> _TASK DESCRIPTION_: Needed from the data below: every line from the one with "Tekst: 'Vous qui" up to and including the one with "Set of 4 PC", repeated exactly and with nothing else.

> _SUPPLIED INFORMATION_:
§ §

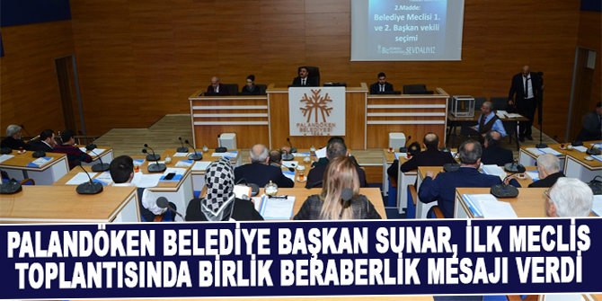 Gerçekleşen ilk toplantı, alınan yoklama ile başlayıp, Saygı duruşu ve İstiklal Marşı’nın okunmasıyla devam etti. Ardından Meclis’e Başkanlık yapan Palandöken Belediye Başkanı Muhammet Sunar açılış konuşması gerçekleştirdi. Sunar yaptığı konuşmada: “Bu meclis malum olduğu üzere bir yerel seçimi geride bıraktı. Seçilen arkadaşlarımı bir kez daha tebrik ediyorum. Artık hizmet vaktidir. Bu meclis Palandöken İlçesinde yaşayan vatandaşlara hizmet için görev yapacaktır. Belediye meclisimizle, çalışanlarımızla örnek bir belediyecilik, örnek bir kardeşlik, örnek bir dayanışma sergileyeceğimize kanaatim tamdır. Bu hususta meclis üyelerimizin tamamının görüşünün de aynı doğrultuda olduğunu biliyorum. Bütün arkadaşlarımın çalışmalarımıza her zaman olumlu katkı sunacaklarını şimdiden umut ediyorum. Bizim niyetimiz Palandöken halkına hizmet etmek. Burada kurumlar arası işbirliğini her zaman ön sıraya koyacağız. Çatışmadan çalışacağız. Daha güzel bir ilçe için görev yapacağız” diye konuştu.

§ §

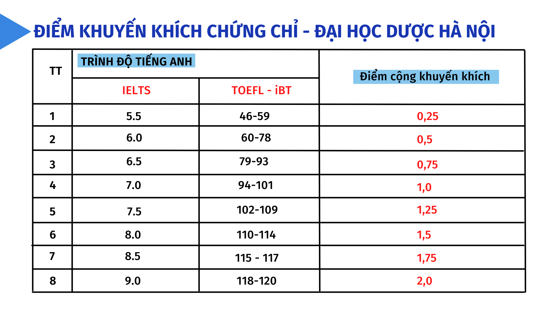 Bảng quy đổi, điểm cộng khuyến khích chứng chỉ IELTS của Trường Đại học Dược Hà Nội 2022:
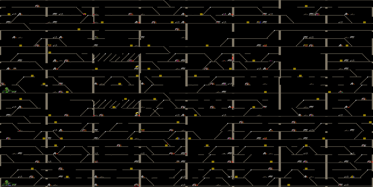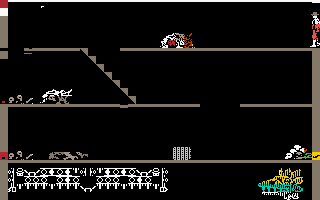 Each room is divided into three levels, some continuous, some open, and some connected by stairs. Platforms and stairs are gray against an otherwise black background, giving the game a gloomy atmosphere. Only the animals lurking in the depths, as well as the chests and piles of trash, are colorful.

§ §

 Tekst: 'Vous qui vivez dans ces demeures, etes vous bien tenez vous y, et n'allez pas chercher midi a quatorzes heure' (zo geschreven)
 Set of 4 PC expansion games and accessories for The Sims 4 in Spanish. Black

§ §

> _RESPONSE AREA_:
 Tekst: 'Vous qui vivez dans ces demeures, etes vous bien tenez vous y, et n'allez pas chercher midi a quatorzes heure' (zo geschreven)
 Set of 4 PC expansion games and accessories for The Sims 4 in Spanish. Black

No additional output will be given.